Being opt-in and getting compensated are the two things I've seen people want from usage of their data. No one should have an issue with this since it does both.
I harbor serious doubts that most of the 'volunteers' here know exactly what it is they're providing -- the sign-up sheet probably didn't say "we will know very specifically your porn-watching habits" e.g.
I think that this is a fairly common when it comes to technology. The terms and conditions seem reasonable ("we collect some data to provide more relevant ads"), but when you look a bit more closely they build a personal file that contains who you communicate (email/text/call) with and how often, where you go, what you buy, which websites you visit, which videos you watch, etc to the extent that they are able. My mother is very smart, well-educated (she has a PhD), and relatively tech savvy (she works in scientific computing), but she was still floored when I told her about some of the tracking Facebook and Google perform. Google recording her location (which she technically agreed to, but did not realize) was enough that she asked me to help her migrate away from Gmail. She probably would have managed without my assistance, but the barrier would have been much higher.
"We will hold logs of you saying awful things to your girlfriend as you're breaking up in a file on you for the next 50 years" is more accurate. Privacy nihilism comes either from a lack of imagination, or a lack of perceived power.
It was open to adults as well, but yes. However, they had no duty to specifically enumerate that particular case anyway lol. And technically that is a crime under US law to distribute porn to minors, but its not a crime for the users to view it, so if they connect to a website intended for and operating in another country without such laws, there is no legal issue.
While I'm generally all for opt-in and free decision making I think some lines should only be crossed in special circumstances. Similarly to medical procedures that are only legal if the patient is very clearly informed about all potential risks (and that includes even those risks that are really not that probable) by an actual human being and not by just clicking on a button. In the case of Facebook they would in my opinion need to state very clearly that there is an albeit small risk of a breach and all collected data could be made public ("for example you employer might suddenly know which porn websites you are visiting or what people you have googled")
Big opt-ins require big explaining because people can only truly make free decisions if there is an actual effort to inform them about what is happening.
Edit: so maybe this is a bit extreme because I realize that this might similarly apply to (for example) phone manufacturers. I still think that actually analysing the traffic is a bigger risk than simply providing the phone/browser to generate the traffic because of the centralized target that is Facebook.
Regardless of whether Facebook was also trying to deceive users specifically—which we'll never know—they likely wanted to deceive Apple. I'm not going to blame any developer for attempting to bypass Apple's stupid restrictions.
Using intermediaries also allowed Facebook to technically not violate Apple's enterprise certificate contract (because the intermediaries were in violation instead).
> Using intermediaries also allowed Facebook to technically not violate Apple's enterprise certificate contract (because the intermediaries were in violation instead).
I actually though they would have done that, but it used the regular "iPhone Distribution: Facebook, Inc. (In-House)" cert, they didn't even create a shell entity and get a new one. Reports say Apple has revoked this cert, breaking all internal (legitimate) apps and possibly creating quite a bit of chaos for internal ops.{1} Their separate Apple Developer Program organization account, used to deploy TestFlight public and private betas and App Store apps, as well as local deployment to a small number of devices without Apple involvement for development testing, is not affected.
The intermediaries may or may not face consequences if they have separate agreements with Apple, but they did not use any Apple products to do their part and have not violated anything with Apple.
This is a massive overreach. I would be pretty shocked if the people involved in this "research program" truly understood just how much access to their private data they were granting Facebook.
Maybe there wouldn't be an issue if they were being 100% transparent and explicit about what information they are collecting and how it will be used. However, the article seems to paint a fairly compelling picture that FB is not acting in good faith.
The fact that they're targeting kids makes it that much more unethical.
It depends very much on what users are told they are signing up for. The ad in the article says a "paid social media research study", which couldn't be more vague compared to the level of access Facebook are granted through the root certificate.

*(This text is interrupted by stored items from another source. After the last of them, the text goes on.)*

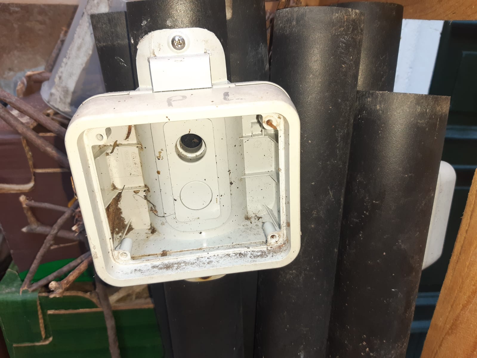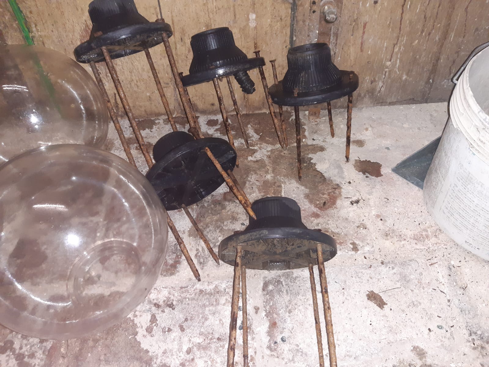 Materiale plastica. Sono completi di base, palo, portalampada e globo trasparente.
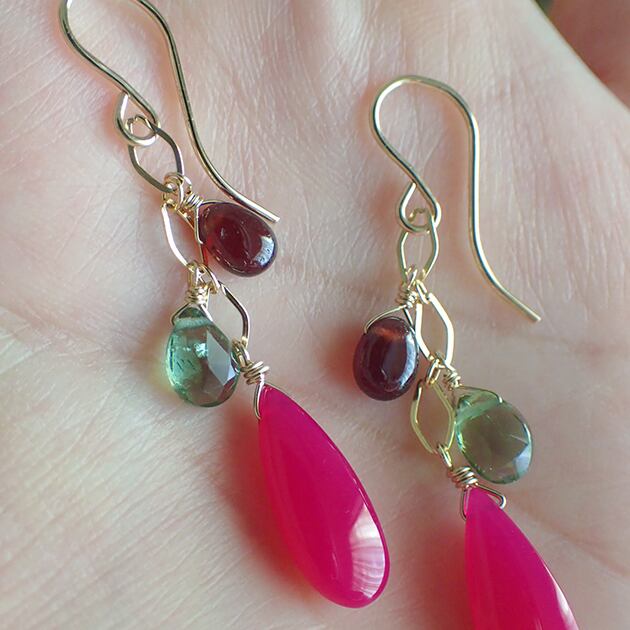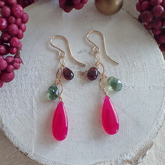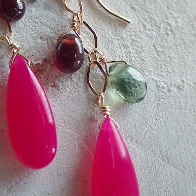 鮮やかなフューシャーピンク・カルセドニーと、スモーキーな色味のガーネット、グリーンアパタイトを組み合わせてピアスをお創りしました。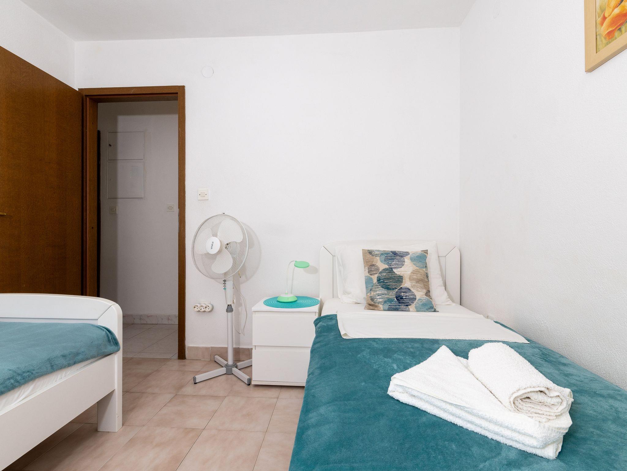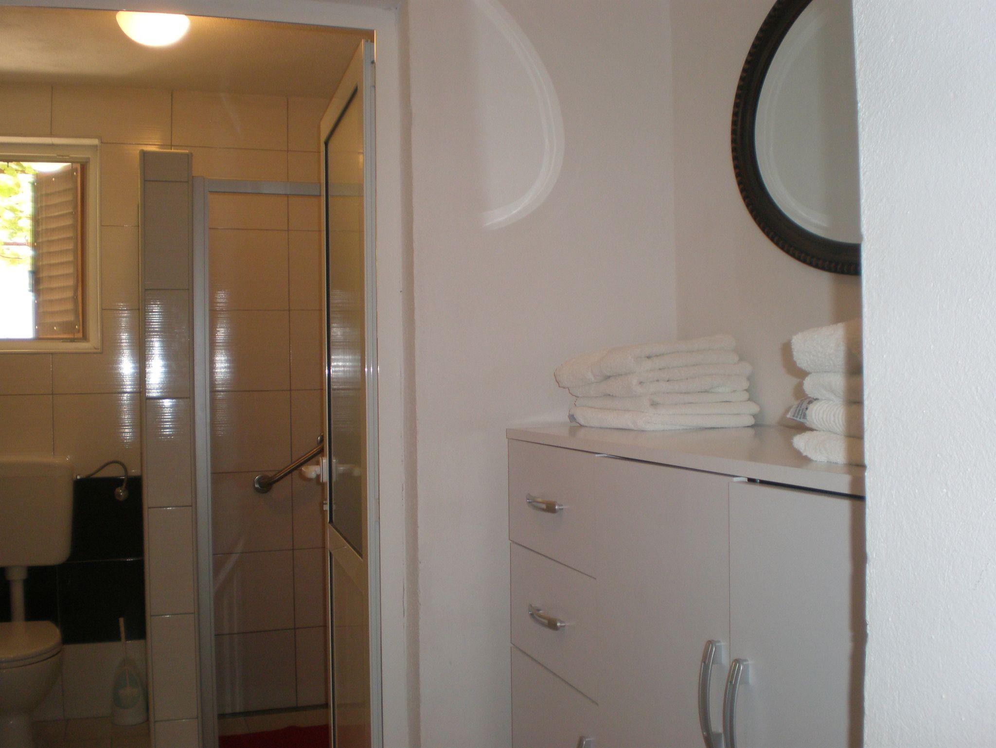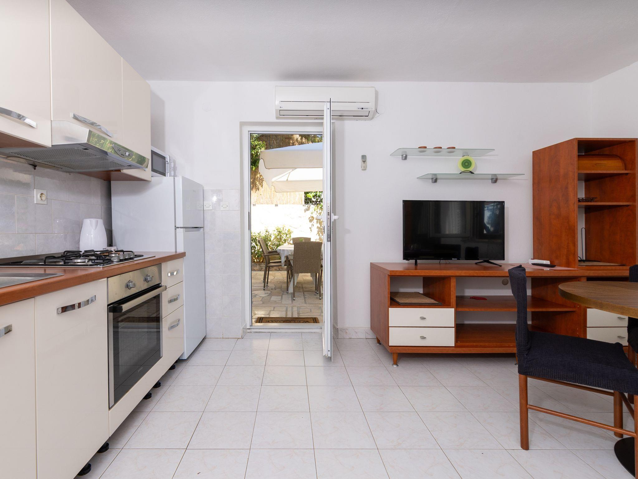 Ferienwohnung bietet Platz für 5 Gäste. Die Betten sind in Schlafzimmern, die es 2 gibt, und in Esszimmer, innerhalb einer Gesamtfläche von 43m2, angeordnet. Die Gäste haben eine eigene Terrasse zur Verfügung, auf der sie in warmen Sommernächten genießen können. Das Apartment bietet Meerblick. Für vollen Genuss und Entspannung gibt es einen privaten Grill für Gäste dieser Unterkunft. IM PREIS INBEGRIFFEN: Kurtaxe, Endreinigung, Klimatisierung, Parkplatz, Internet, Wäschewaschen, Kinderbett, Bügeleisen, Bügelbrett, Föhn. VERBINDLICHE ZUSÄTZLICHE KOSTEN: Aufzahlung für Kurzaufenthalte (prozentualer Zuschlag pro Nächtigungsanzahl: 30% - 1, 20% - 2, 10% - 3). Die Verfügbarkeit zusätzlicher Dienstleistungen in Ihrem reservierten Termin und die Preise derselben (falls nicht aufgeführt) müssen im Voraus überprüft werden. Zusätzliche Dienstleistungen die in der Zahlungsaufforderung nicht aufgeführt sind werden direkt beim Vermieter bezahlt, angenommen der Gast nutzt auch diese. Ermäßigung auf den Grundpreis: Gratistag 21=19 (bei einem Aufenthalt von 21 Tagen oder mehr erhalten Sie 2 Gratistage für den Aufenthalt bis 31.12.26).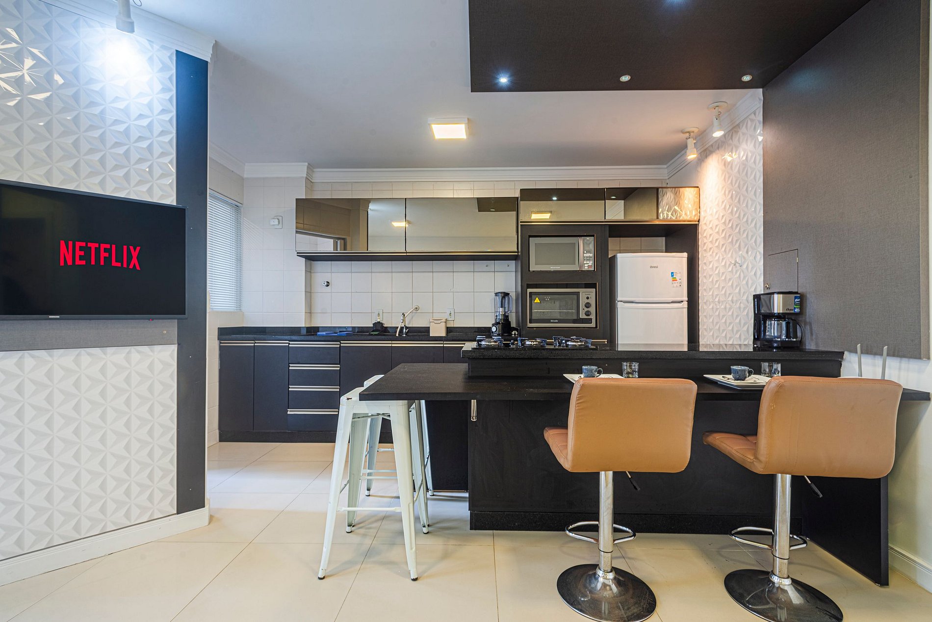> Cozinha Equipada: A cozinha está equipada com todos os utensílios e eletrodomésticos necessários para preparar suas refeições, caso deseje. Além disso, a proximidade com excelentes restaurantes lhe oferece a opção de explorar a gastronomia local.
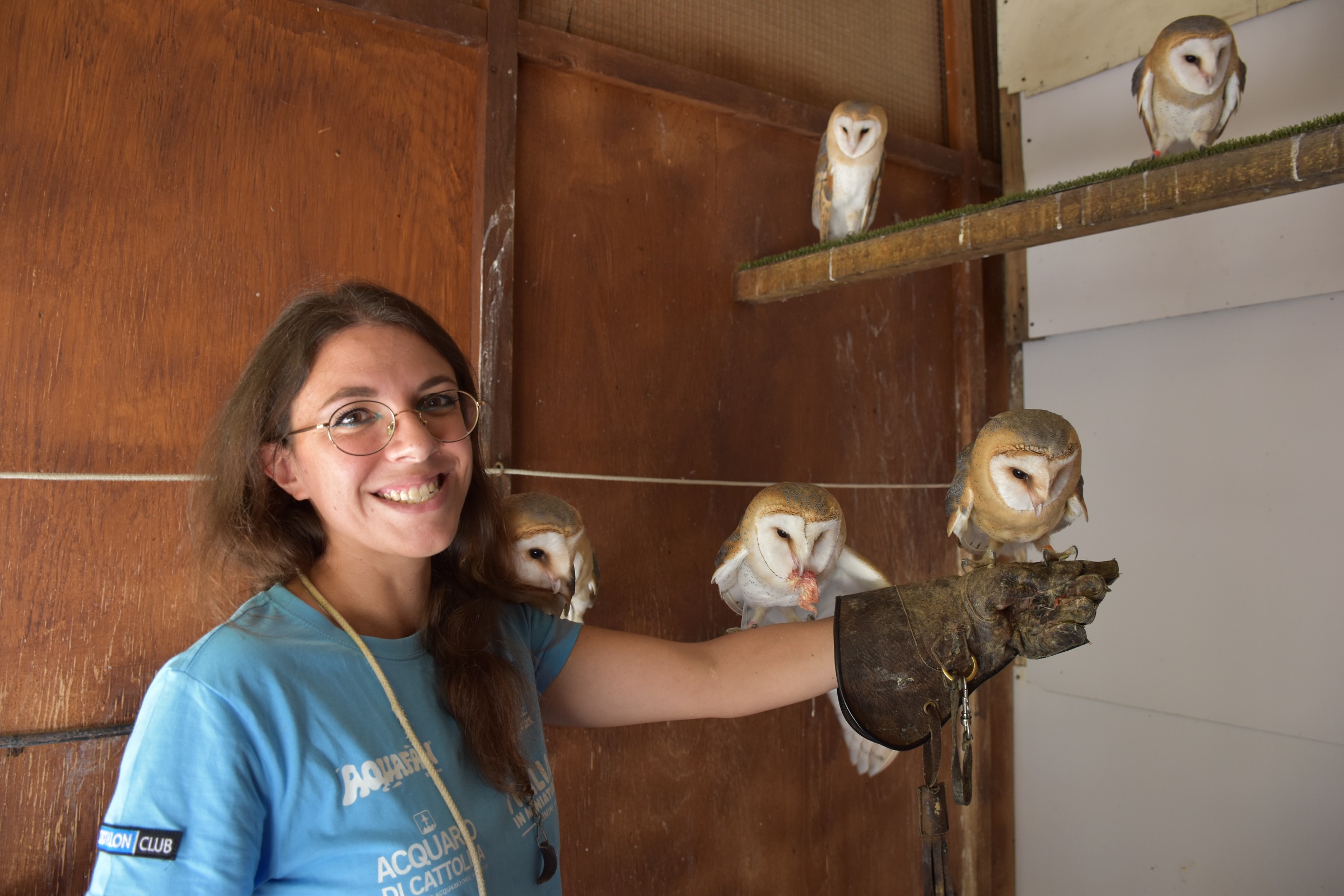 I piccoli di barbagianni di Oltremare a Riccione crescono a vista d’occhio e rallegrano ogni giorno lo staff che li ha seguiti nella crescita quotidiana. Oggi molti di loro sono già tra i simpatici protagonisti del Volo dei Rapaci e il pubblico può conoscerli da vicino. I più piccolini stanno iniziando ora a partecipare alle prove di falconeria e potranno entrare in arena, davanti al pubblico, a fine settembre.

Plus, the deliberate targeting of children that won't know better. And asking people to upload their Amazon order history! Pretty scummy.
> No one should have an issue with this since it does both.

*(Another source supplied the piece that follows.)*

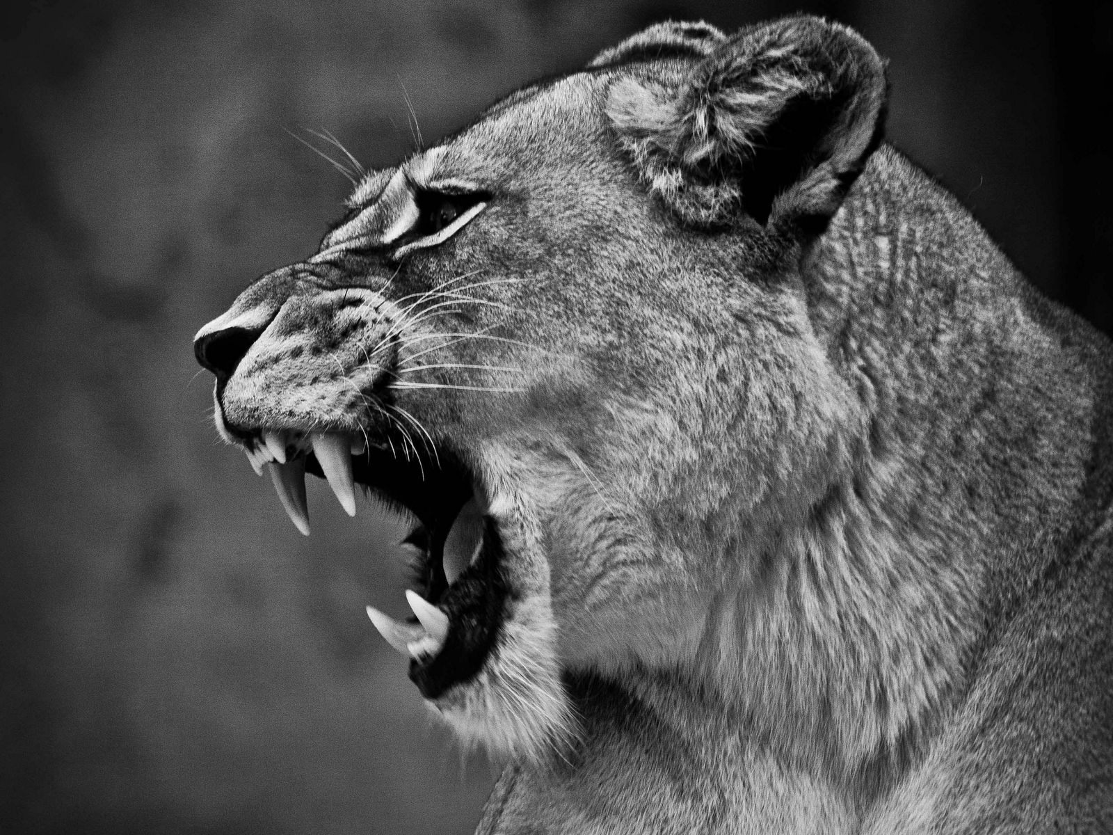 Download 1600x1200 lion, lioness, grin, bw, predator, big cat wallpaper, background standard 4:3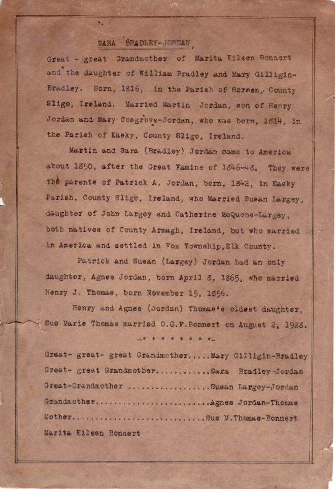 McDonald in turn was the daughter of Peter McDonald and Catherine Waters and was therefore a sister of Michael McDonald who married Annie Sweeney, daughter of Owen and Margaret Jordan Sweeney.

Surely there's something to be said about age. There's a reason 14-year-olds can't enter into a legally binding contract.
Besides this, there's also the issue of how clear it is that the app is collecting private data. The article says:
"Facebook first got into the data-sniffing business when it acquired Onavo for around $120 million in 2014. The VPN app helped users track and minimize their mobile data plan usage, but also gave Facebook deep analytics about what other apps they were using."
which seems a lot like Facebook luring users into giving them their data without the users' knowledge.
Yeah.. these are minors though. It may not be illegal explicitly but the fact that they are minors feels different than the perspective of an enlightened bargain.